Re: should MEM tracking be able to optimize this?
- From: Zack Weinberg <zack at codesourcery dot com>
- To: Dan Nicolaescu <dann at godzilla dot ICS dot UCI dot EDU>
- Cc: gcc at gcc dot gnu dot org, Richard Kenner <kenner at vlsi1 dot ultra dot nyu dot edu>
- Date: Sat, 17 Nov 2001 14:16:03 -0800
- Subject: Re: should MEM tracking be able to optimize this?
- References: <email@example.com>
On Fri, Nov 16, 2001 at 12:47:30PM -0800, Dan Nicolaescu wrote:
> The following 2 functions should generate very similar assembly, right?

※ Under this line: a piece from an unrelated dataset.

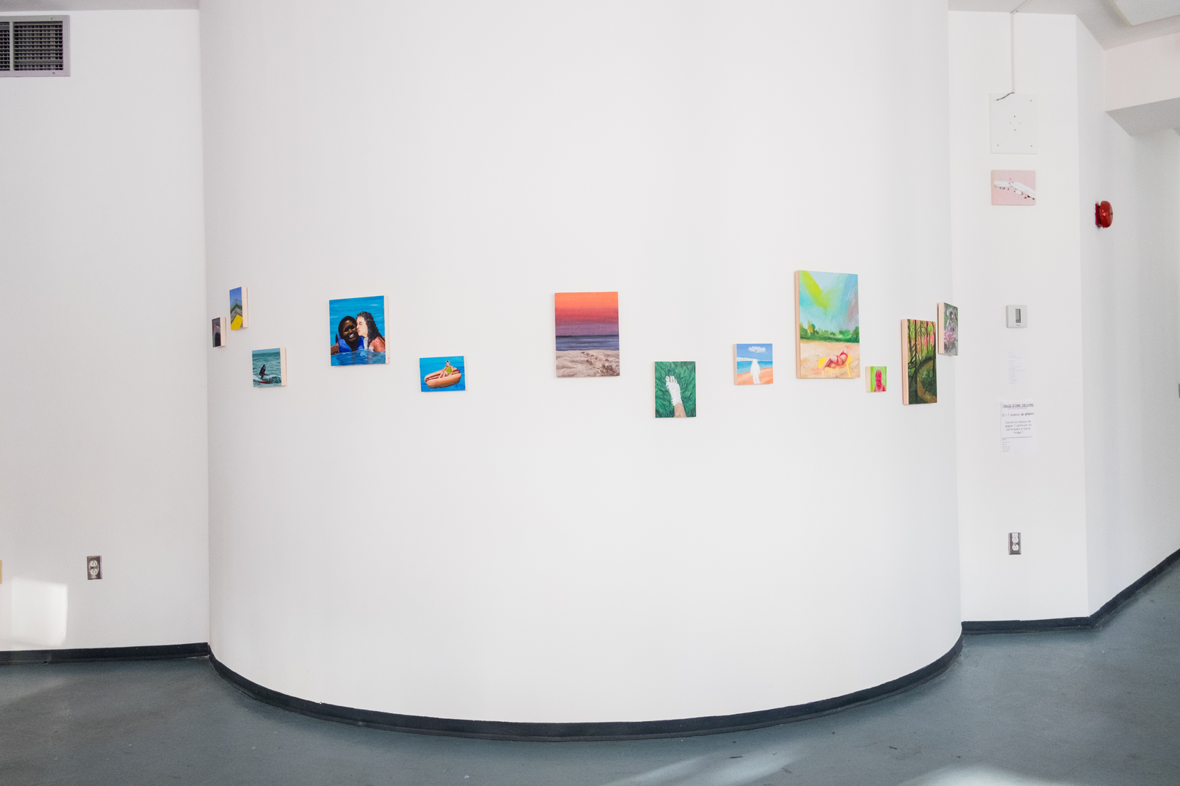Pour le présent cours, j'avais comme but initial de faire le plus de tableaux possible afin d'expérimenter et de tester ce qui fonctionne le mieux en lien avec mon sujet de recherche. J'ai été inspirée par le collectif Team Macho pour leurs peintures petit format à la fois ludique et coloré1 ainsi que leur méthode d'accrochage en mosaïque.2 Je me suis ensuite intéressé à l'historique du lieu et à l'agence de voyages Voyages Campus qu'il y avait dans ce local autour de 2014. J'ai par après orienté mes recherches en cherchant des photos de vacances sur internet. Je cherchais, à l'aide de mots-clés hétéroclites orientés vers le voyage, la plage, les vacances, les images qui détonnaient des typiques photos banales de voyage. Ensuite, soit en reproduisant tel quel l'image trouvé, soit en réalisant un collage de 2 images et vers la fin, en peignant sans images sources, j'ai réalisé 13 tableaux sur ce thème. J'ai choisis ce qui était peint en me basant sur deux aspects ; l'image ni réelle, ni fictive, mais plutôt entre les deux et sur une image qui pourra faire sourire ou rire par son côté ludique et insolite.

This is purely a sticking-my-nose-in comment, but I looked into it
briefly and it does appear to be a genuinely hard problem with our
At the RTL level, loads and stores in calc1 look like
(insn 45 43 47 (set (reg:SF 123)
(mem/s:SF (plus:SI (reg/f:SI 111)
(reg:SI 115)) [4 A S4 A32])) -1 (nil)
where in calc2 they look like
(insn 85 83 86 (set (reg:SF 150)
(mem/s:SF (plus:SI (reg/f:SI 145)
(reg:SI 148)) [4 p S4 A32])) -1 (nil)
alias.c uses the information in square brackets to make decisions
about whether memory refs can conflict. [4 A S4 A32] means alias set
4, variable 'A', unit size 4 (bytes), alignment 32 (bits).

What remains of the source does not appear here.